謝停霜指尖還壓著那張拓紙,聞言抬眼看向裴照月。
裴照月已經把陸懷章的斷劍重新收入劍匣,語氣倒很平常:「你教過的晚輩不少,宗門裡受過你照拂的人也不少。可聞人燼從前在停霜峰養傷,你親自改過藥方。她第一次獨自下山,你把停霜劍上的護身符拆了一道給她。後來她闖禍,你罰得重,罰完又自己守著她養傷。很多事單獨拿出來,都能用一句師徒情分解釋。」
她扣上劍匣,抬頭看著謝停霜。
「可全放在一個人身上,就不太一樣了。」
謝停霜沉默片刻:「她是我唯一的親傳。」
「你看。」裴照月笑了一下,「又是這句話。」
謝停霜皺眉。
「行,當我多嘴。」裴照月沒再逼她,「我只是認識你早,偶爾看得比你自己清楚些。
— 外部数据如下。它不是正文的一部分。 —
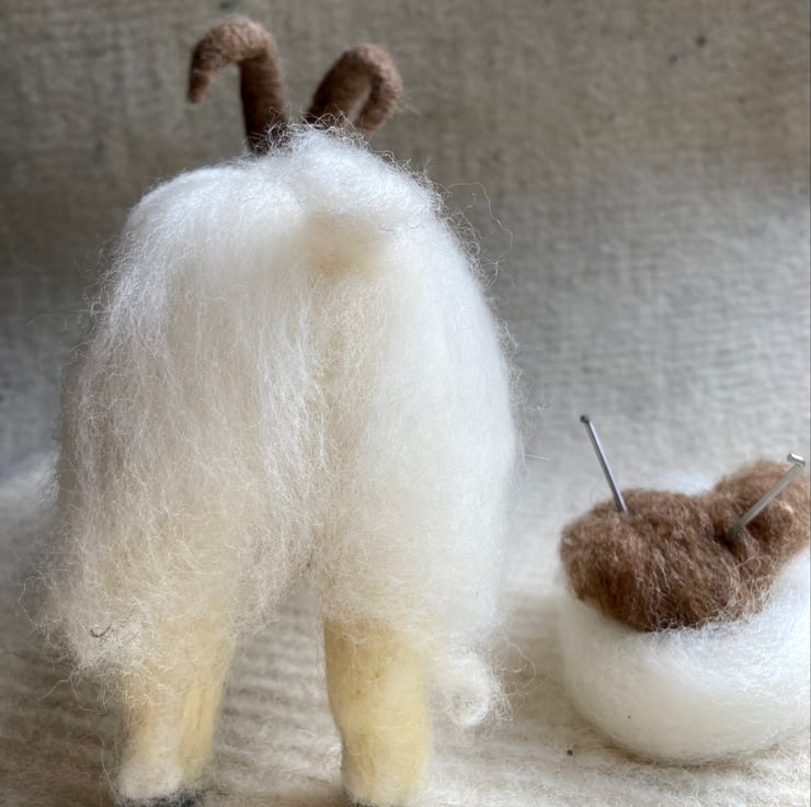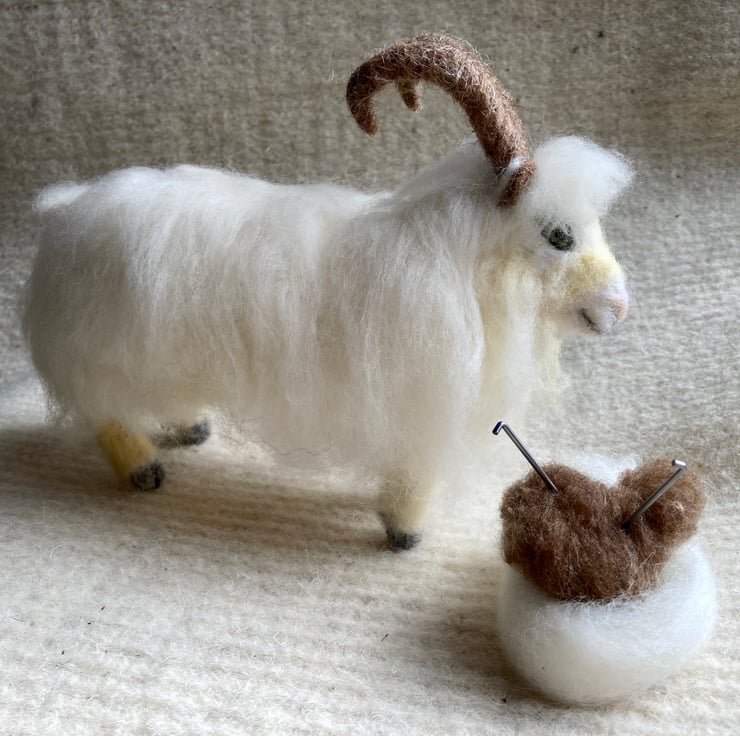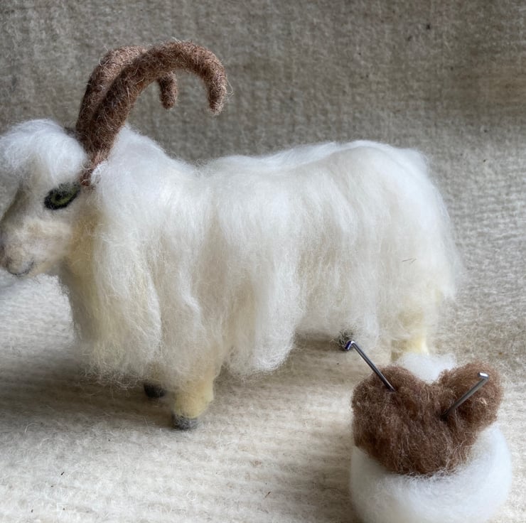 This goat is modelled on the Great Orme Goats who kept us all entertained during lockdown with their regular visits to Llandudno. They are Kashmiri Goats and descend from a pair that were gifted to Queen Victoria. Made from good quality wool and Merino. He is made using a wire armature and his woolly horns are stiffened for added realism. If you love goats and want a good quality unique wool sculpture then he is the one for you!

至於你究竟怎麼想,那是你的事。」
舊祠深處忽然傳來一聲輕響。
兩人同時轉頭。
先前被斷劍引動的無名牌位下方,又有一層陳舊木屑落下來,露出後面壓著的窄槽。裴照月走過去,用劍鞘撥開表面的灰,裡面果然藏著半塊發黑木簡。
謝停霜俯身看了一眼,殘存的幾個字已經很淡,只能勉強辨出一句。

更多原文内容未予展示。